Data below:
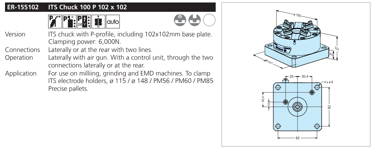 EROWA ER?155102 ITS Chuck 100 P 102 x 102,China manufacturer EMD Tooling fixture
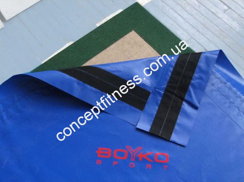 Покриття триколірний з ПВХ Boyko, нестандарт завершить стильний образ тренувального залу, прикрасить інтер'єр, крім цього тканину абсолютно не слизька, з боків можна зафіксувати щільною планочкою. Для виробництва покриття був задіяний щільний, якісний і довговічний ПВХ, щільністю 650 гр /м2. Підлоговий килимок для боротьби Бойко-Спорт в нестандартному розмірі відрізняється наявністю логотипу відомого спортивного бренду, що вказує на статус закладу, рівень майстерності бійців. На все борцівські обладнання надається 12 місячна гарантія, ціна вказана за 1 м.кв. Покриття має гарну зносостійкість, призначене для борцівських цілей, активних тренувань, проведення показових виступів.
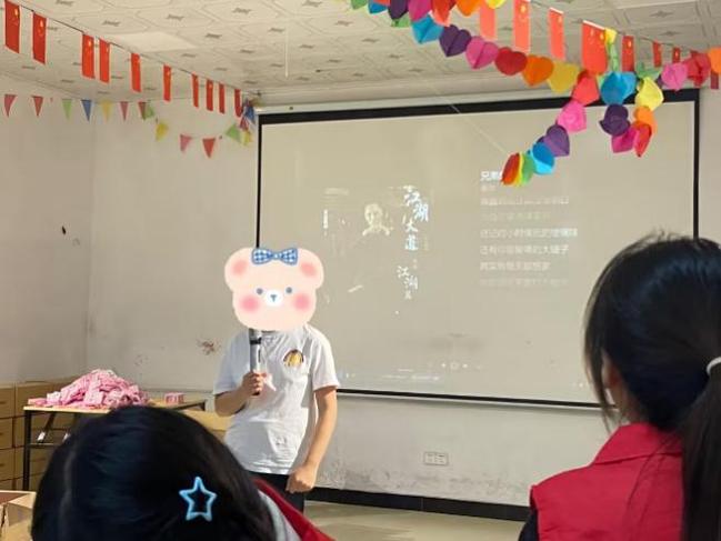 (在志愿者们的鼓励下,孩子们拿起了话筒,放声歌唱)

Prompt:
Would you output the data above exactly as written, but with no images?

Result of this task:
 EROWA ER?155102 ITS Chuck 100 P 102 x 102,China manufacturer EMD Tooling fixture
 Покриття триколірний з ПВХ Boyko, нестандарт завершить стильний образ тренувального залу, прикрасить інтер'єр, крім цього тканину абсолютно не слизька, з боків можна зафіксувати щільною планочкою. Для виробництва покриття був задіяний щільний, якісний і довговічний ПВХ, щільністю 650 гр /м2. Підлоговий килимок для боротьби Бойко-Спорт в нестандартному розмірі відрізняється наявністю логотипу відомого спортивного бренду, що вказує на статус закладу, рівень майстерності бійців. На все борцівські обладнання надається 12 місячна гарантія, ціна вказана за 1 м.кв. Покриття має гарну зносостійкість, призначене для борцівських цілей, активних тренувань, проведення показових виступів.
 (在志愿者们的鼓励下,孩子们拿起了话筒,放声歌唱)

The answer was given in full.